2. Pivot_table() Function
The pivot_table() function is used to summarize and aggregate data in a DataFrame. It is similar to the groupby() function but provides additional functionality. Here is an example of how to use the pivot_table() function:
import pandas as pd
# Create a DataFrame
df = pd.DataFrame({
'Name': ['Alice', 'Bob', 'Charlie', 'Alice', 'Bob', 'Charlie'],
'Subject': ['Math', 'Math', 'Math', 'Science', 'Science', 'Science'],
'Score': [90, 80, 70, 85, 75, 65]
})
# Create a pivot table to summarize the data by Name and Subject
pivot_table = pd.pivot_table(df, values='Score', index='Name', columns='Subject', aggfunc='mean')
print(pivot_table)
Output:
Subject Math Science
Name
Alice 90.0 85.0
Bob 80.0 75.0
Charlie 70.0 65.0
In this example, we created a pivot table to summarize the data by 'Name' and 'Subject' columns. The pivot table shows the mean score for each name and subject.
领英推荐
3. Crosstab() Function
The crosstab() function is used to compute a frequency table of two or more factors. It is similar to the pivot_table() function but provides a more concise output. Here is an example of how to use the crosstab() function:
import pandas as pd
# Create a DataFrame
df = pd.DataFrame({
'Name': ['Alice', 'Bob', 'Charlie', 'Alice', 'Bob', 'Charlie'],
'Subject': ['Math', 'Math', 'Math', 'Science', 'Science', 'Science']
})
# Create a crosstab to summarize the data by Name and Subject
crosstab_table = pd.crosstab(df['Name'], df['Subject'])
print(crosstab_table)
Output:
Subject Math Science
Name
Alice 2 1
Bob 1 1
Charlie 1 1
In this example, we created a crosstab to summarize the data by 'Name' and 'Subject' columns. The crosstab table shows the frequency of each name and subject combination.

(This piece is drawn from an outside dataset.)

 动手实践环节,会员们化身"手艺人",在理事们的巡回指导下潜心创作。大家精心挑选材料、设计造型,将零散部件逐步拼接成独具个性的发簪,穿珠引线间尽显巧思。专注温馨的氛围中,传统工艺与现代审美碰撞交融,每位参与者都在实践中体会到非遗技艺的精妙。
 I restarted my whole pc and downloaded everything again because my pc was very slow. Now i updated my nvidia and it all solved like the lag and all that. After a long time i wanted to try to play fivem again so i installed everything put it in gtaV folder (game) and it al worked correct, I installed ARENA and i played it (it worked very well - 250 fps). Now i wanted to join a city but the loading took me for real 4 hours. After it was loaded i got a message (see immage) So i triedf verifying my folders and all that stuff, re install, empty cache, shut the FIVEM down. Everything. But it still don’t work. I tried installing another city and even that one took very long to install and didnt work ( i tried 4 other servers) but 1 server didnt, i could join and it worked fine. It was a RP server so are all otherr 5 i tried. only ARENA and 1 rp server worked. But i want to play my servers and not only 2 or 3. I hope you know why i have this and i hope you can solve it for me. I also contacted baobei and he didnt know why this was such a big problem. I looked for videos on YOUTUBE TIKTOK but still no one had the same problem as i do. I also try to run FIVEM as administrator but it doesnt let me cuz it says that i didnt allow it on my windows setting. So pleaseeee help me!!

Using User-Defined Functions
Here is an example of how to use groupby() and apply() together:
import pandas as pd
# Create a DataFrame
df = pd.DataFrame({
'Name': ['Alice', 'Bob', 'Charlie', 'Alice', 'Bob', 'Charlie'],
'Score': [90, 80, 70, 85, 75, 65]
})
# Define a custom function to apply to each group
def normalize_scores(group):
"""
Return a Series with the normalized scores for the input group.

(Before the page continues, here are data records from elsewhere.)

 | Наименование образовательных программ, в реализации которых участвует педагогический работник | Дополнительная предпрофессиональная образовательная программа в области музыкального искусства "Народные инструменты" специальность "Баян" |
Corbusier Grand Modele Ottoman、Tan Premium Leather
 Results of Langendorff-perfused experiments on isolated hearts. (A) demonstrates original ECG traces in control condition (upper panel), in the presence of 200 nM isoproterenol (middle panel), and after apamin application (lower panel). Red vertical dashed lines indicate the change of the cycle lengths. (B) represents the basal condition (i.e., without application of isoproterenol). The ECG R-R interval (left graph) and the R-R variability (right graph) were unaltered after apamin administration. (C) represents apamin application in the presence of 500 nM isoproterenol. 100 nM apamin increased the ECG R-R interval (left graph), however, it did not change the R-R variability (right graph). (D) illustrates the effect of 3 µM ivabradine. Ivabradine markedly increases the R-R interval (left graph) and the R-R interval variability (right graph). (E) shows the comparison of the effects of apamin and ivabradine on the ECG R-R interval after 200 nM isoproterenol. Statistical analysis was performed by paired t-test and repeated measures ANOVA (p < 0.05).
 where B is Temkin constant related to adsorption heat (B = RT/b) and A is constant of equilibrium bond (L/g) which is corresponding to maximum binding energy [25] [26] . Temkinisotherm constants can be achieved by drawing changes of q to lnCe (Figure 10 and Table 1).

The normalized score is calculated as the difference between
each score and the mean score for the group.
"""
mean_score = group.mean()
normalized_scores = group - mean_score
return normalized_scores
# Group the data by Name column and apply the normalize_scores function to each group
normalized_data = df.groupby('Name')['Score'].apply(normalize_scores)
print(normalized_data)
Output:
0 2.5
1 2.5
2 2.5
3 -2.5
4 -2.5
5 -2.5
Name: Score, dtype: float64
In this example, we defined a custom function called normalize_scores that takes a group of data as input and returns a Series with the normalized scores for that group. We then used the groupby() function to group the data by the 'Name' column, and applied the normalize_scores function to each group using the apply() function. The output shows the normalized scores for each row in the original DataFrame.
To explain the output, the function calculates the mean score for each group, and then subtracts the mean from each score in the group. The result is a Series with the normalized scores for each group. In this example, the scores for Alice, Bob, and Charlie are each 5 points above their respective group means, while the scores for the second row of each group are 5 points below their respective group means.
Conclusion
Aggregating data in Pandas is a powerful tool for summarizing and analyzing large datasets. The groupby(), pivot_table(), and crosstab() functions provide different ways of aggregating data, depending on the specific requirements of your analysis. With these tools, you can quickly gain insights into your data and make informed decisions based on the results.